**Your task:**
The response should repeat word for word every line below from the one with "Парад Победы. Маршалы" to the one with "今回は相生公民館で活動している「習字クラブ」を紹介しませう。", inclusive, and nothing else; leave pictures out.

**Material for this exercise:**

★ ★ ★

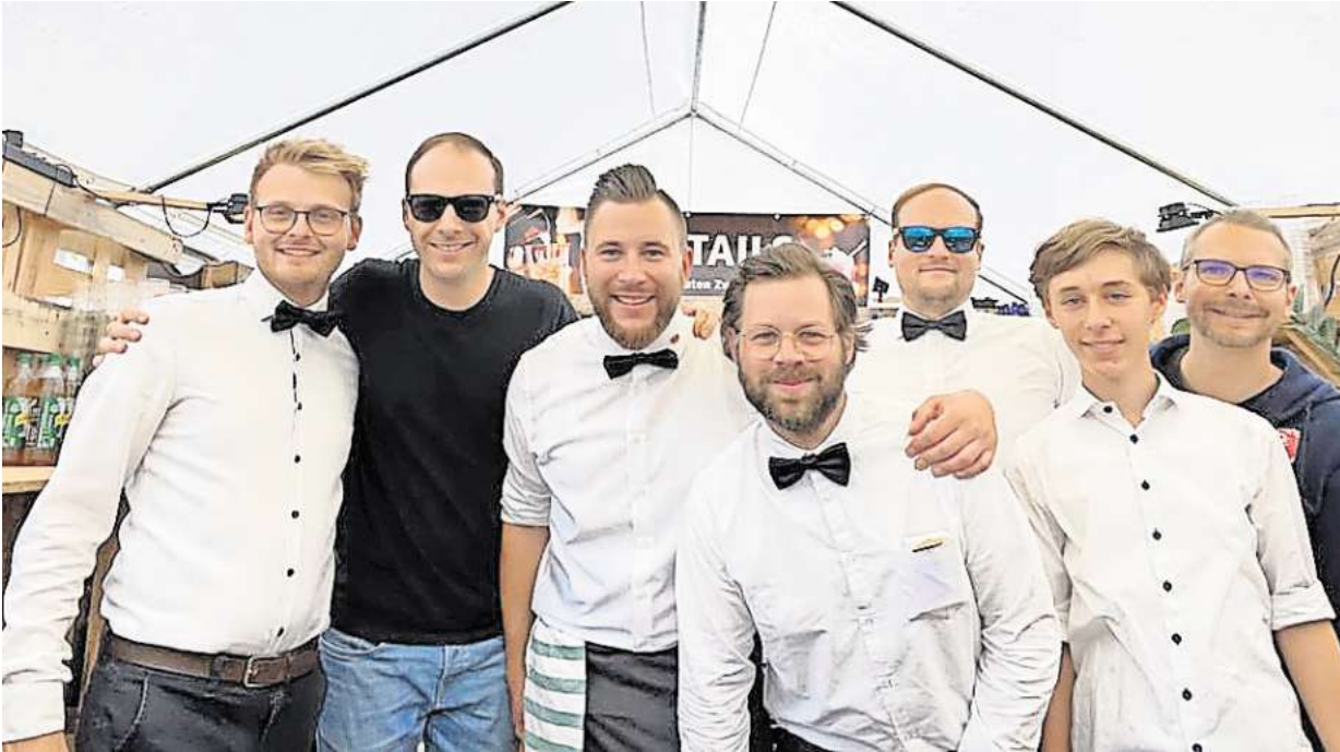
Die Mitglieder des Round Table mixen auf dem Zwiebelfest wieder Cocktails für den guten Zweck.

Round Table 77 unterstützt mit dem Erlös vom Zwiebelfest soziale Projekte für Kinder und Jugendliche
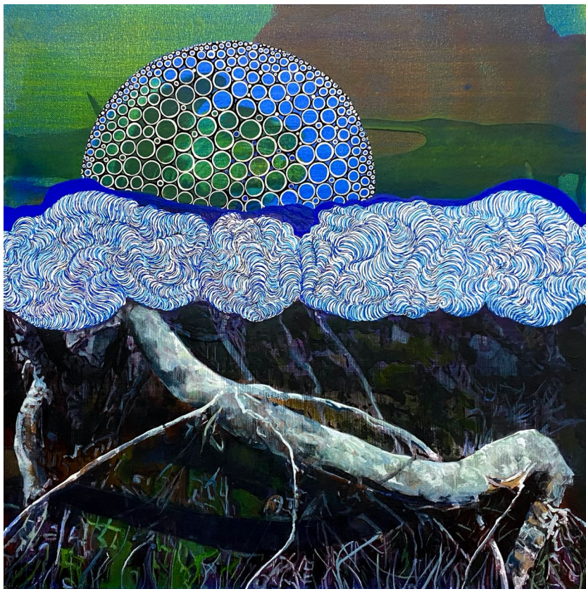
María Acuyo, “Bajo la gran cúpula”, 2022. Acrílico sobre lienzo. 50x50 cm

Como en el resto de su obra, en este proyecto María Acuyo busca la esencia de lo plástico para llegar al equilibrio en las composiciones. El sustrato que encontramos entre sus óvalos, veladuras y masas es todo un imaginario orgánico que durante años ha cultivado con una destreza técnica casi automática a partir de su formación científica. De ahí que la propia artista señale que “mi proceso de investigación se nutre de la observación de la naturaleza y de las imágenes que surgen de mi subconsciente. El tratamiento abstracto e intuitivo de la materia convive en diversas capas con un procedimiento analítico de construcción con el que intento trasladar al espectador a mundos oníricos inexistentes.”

★ ★ ★

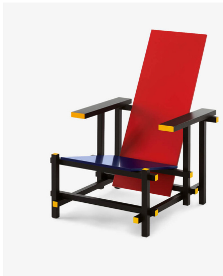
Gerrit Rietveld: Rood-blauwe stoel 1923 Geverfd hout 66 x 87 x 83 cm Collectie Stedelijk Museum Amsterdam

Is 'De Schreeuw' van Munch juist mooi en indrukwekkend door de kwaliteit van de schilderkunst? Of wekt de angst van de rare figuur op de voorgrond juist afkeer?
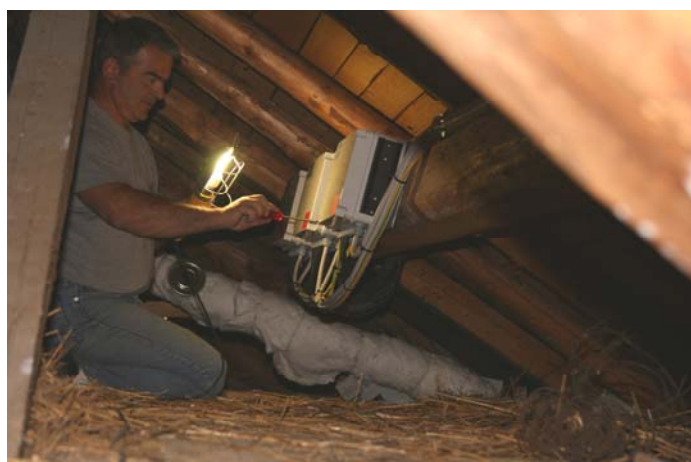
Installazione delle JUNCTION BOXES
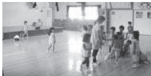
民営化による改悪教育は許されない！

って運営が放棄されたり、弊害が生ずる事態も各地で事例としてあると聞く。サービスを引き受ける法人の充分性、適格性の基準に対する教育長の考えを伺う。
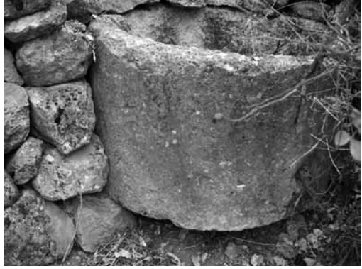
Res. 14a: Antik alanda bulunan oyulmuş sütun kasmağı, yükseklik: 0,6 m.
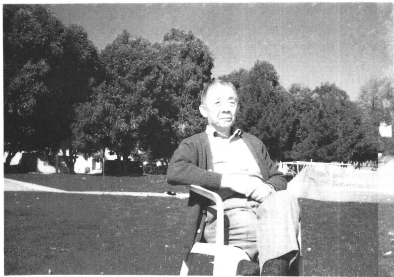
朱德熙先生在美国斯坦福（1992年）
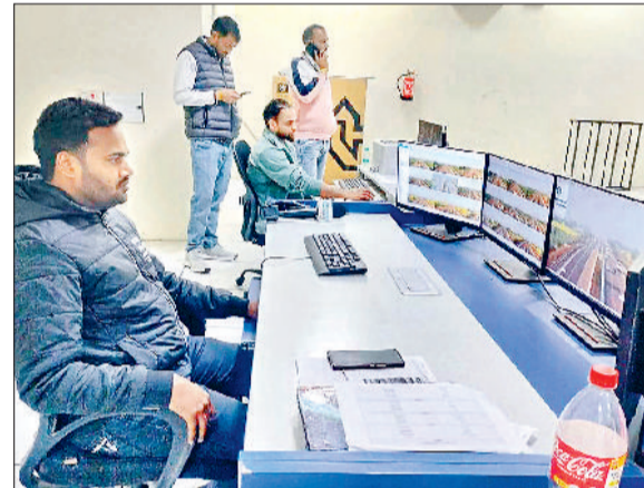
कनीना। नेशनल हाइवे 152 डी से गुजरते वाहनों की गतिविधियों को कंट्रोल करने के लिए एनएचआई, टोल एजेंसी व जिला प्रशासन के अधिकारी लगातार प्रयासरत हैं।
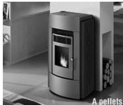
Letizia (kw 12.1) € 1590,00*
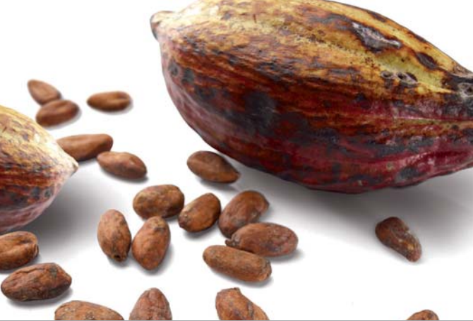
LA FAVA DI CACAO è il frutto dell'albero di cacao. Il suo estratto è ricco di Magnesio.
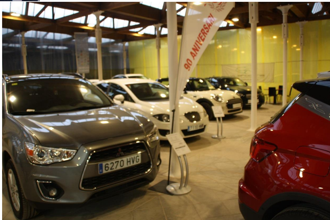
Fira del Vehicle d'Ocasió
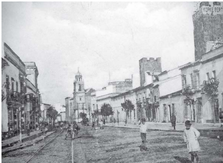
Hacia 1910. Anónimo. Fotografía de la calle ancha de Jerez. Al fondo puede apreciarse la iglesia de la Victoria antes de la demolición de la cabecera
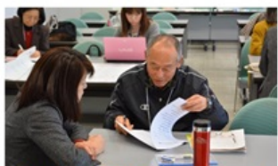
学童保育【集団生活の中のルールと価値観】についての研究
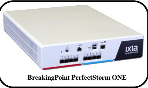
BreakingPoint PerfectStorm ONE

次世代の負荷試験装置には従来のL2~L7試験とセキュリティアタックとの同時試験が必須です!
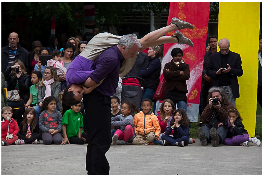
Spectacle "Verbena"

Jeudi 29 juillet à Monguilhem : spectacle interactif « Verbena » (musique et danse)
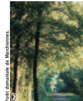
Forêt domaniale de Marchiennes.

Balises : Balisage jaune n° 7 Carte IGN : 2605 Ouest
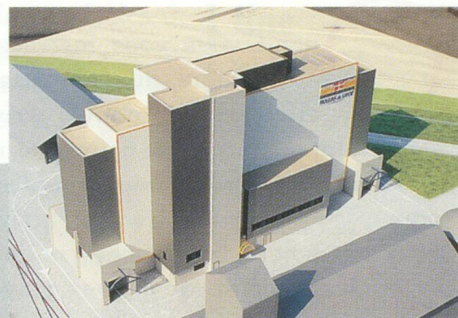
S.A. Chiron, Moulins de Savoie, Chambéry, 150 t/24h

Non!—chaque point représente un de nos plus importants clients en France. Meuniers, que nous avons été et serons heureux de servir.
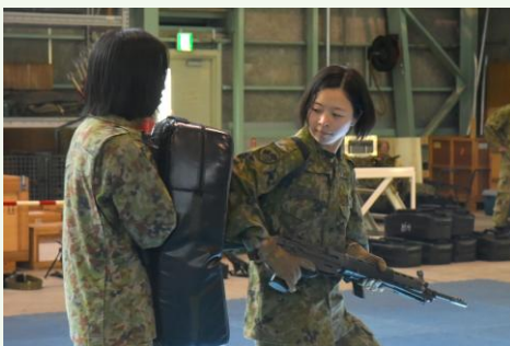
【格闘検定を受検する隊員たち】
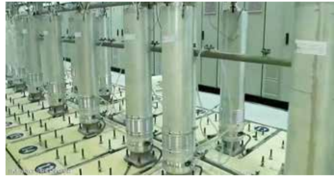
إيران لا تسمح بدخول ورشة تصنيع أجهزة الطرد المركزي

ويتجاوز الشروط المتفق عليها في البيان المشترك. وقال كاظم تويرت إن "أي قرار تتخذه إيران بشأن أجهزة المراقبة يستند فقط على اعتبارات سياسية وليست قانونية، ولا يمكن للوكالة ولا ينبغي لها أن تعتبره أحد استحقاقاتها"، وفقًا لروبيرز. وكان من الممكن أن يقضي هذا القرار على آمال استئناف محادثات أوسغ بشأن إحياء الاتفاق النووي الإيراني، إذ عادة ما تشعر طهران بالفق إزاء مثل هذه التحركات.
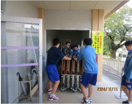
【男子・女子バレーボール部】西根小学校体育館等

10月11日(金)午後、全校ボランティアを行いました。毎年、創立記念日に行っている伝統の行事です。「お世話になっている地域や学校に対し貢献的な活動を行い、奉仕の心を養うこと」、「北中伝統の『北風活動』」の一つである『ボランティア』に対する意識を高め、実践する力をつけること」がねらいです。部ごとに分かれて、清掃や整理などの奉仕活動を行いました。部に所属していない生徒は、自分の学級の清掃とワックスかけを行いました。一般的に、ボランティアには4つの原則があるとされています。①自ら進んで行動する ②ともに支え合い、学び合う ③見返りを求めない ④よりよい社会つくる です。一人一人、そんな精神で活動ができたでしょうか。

★ ★ ★

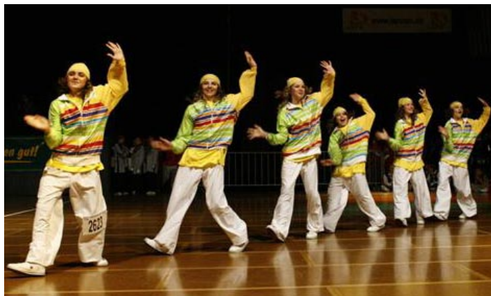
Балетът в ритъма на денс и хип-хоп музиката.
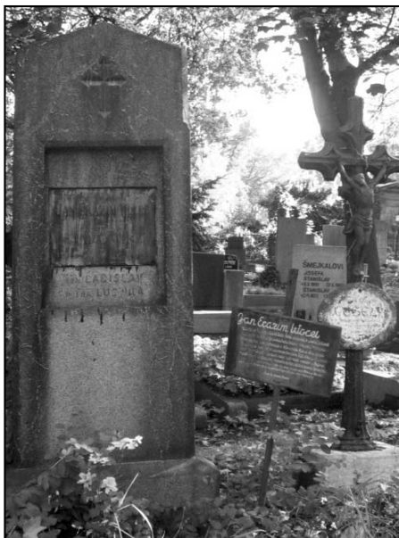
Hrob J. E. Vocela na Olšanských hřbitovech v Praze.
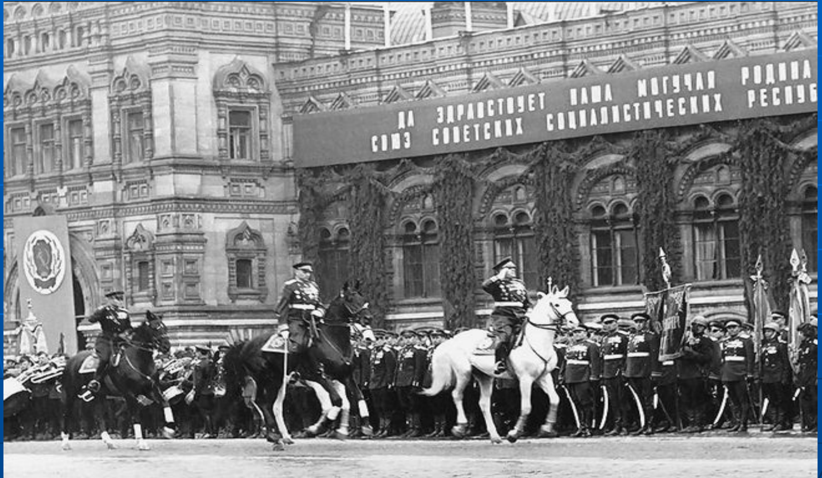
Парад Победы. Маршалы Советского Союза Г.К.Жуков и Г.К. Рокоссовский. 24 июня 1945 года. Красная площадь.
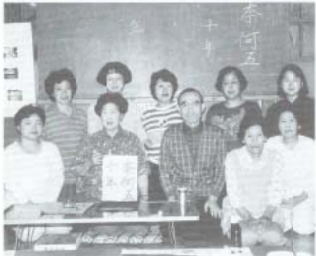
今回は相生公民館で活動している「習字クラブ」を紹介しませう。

★ ★ ★

**Output for this task:**
Парад Победы. Маршалы Советского Союза Г.К.Жуков и Г.К. Рокоссовский. 24 июня 1945 года. Красная площадь.
今回は相生公民館で活動している「習字クラブ」を紹介しませう。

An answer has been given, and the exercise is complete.